From: "Radim Krčmář" <rkrcmar@redhat.com>
To: Wanpeng Li <kernellwp@gmail.com>
Cc: linux-kernel@vger.kernel.org, kvm@vger.kernel.org,
Paolo Bonzini <pbonzini@redhat.com>,
Vitaly Kuznetsov <vkuznets@redhat.com>
Subject: Re: [PATCH v3 2/6] KVM: X86: Implement PV IPIs in linux guest
Date: Thu, 19 Jul 2018 18:28:27 +0200 [thread overview]
Message-ID: <20180719162826.GB11749@flask> (raw)

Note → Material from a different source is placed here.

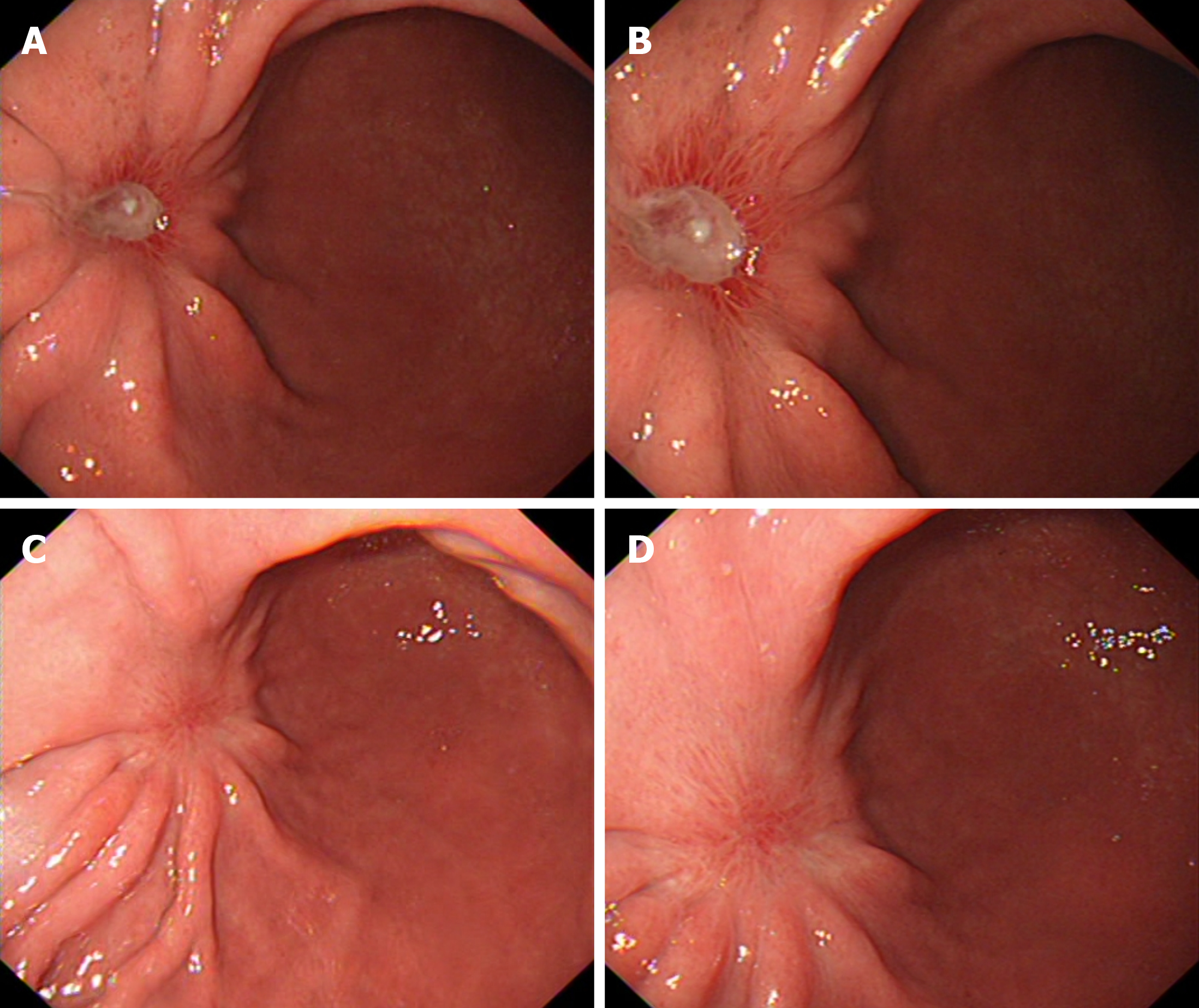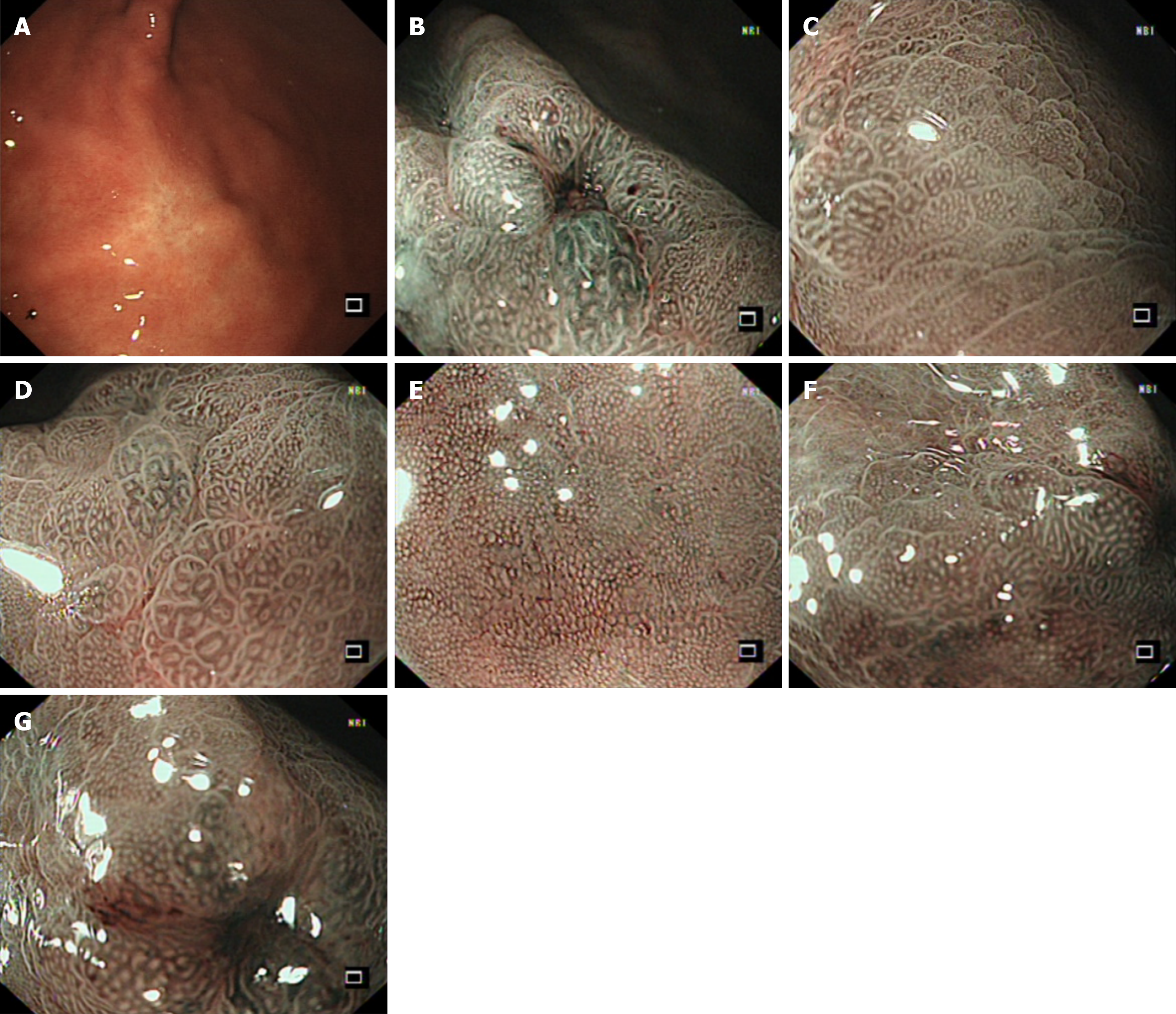 A: White light; B: Biopsy site [narrow-band imaging magnifying endoscopy (NBI-ME)]; C: Anal side of the lesion (NBI-ME); D: Greater curvature side of the lesion (NBI-ME); E: Oral side of the lesion (NBI-ME); F: Near the ulcer at the oral side of the lesion (NBI-ME); G: Anterior wall side of the lesion (NBI-ME).

In-Reply-To: <1530598891-21370-3-git-send-email-wanpengli@tencent.com>
2018-07-03 14:21+0800, Wanpeng Li:
> From: Wanpeng Li <wanpengli@tencent.com>
>
> Implement paravirtual apic hooks to enable PV IPIs.
>
> apic->send_IPI_mask
> apic->send_IPI_mask_allbutself
> apic->send_IPI_allbutself
> apic->send_IPI_all
>
> The PV IPIs supports maximal 128 vCPUs VM, it is big enough for cloud
> environment currently, supporting more vCPUs needs to introduce more
> complex logic, in the future this might be extended if needed.
>
> Cc: Paolo Bonzini <pbonzini@redhat.com>
> Cc: Radim Krčmář <rkrcmar@redhat.com>
> Cc: Vitaly Kuznetsov <vkuznets@redhat.com>
> Signed-off-by: Wanpeng Li <wanpengli@tencent.com>
> ---
> diff --git a/arch/x86/kernel/kvm.c b/arch/x86/kernel/kvm.c
> @@ -454,6 +454,71 @@ static void __init sev_map_percpu_data(void)
> }
>
> #ifdef CONFIG_SMP
> +
> +#ifdef CONFIG_X86_64
> +static void __send_ipi_mask(const struct cpumask *mask, int vector)
> +{
> + unsigned long flags, ipi_bitmap_low = 0, ipi_bitmap_high = 0;
> + int cpu, apic_id;
> +
> + if (cpumask_empty(mask))
> + return;
> +
> + local_irq_save(flags);
> +
> + for_each_cpu(cpu, mask) {
> + apic_id = per_cpu(x86_cpu_to_apicid, cpu);
> + if (apic_id < BITS_PER_LONG)
> + __set_bit(apic_id, &ipi_bitmap_low);
> + else if (apic_id < 2 * BITS_PER_LONG)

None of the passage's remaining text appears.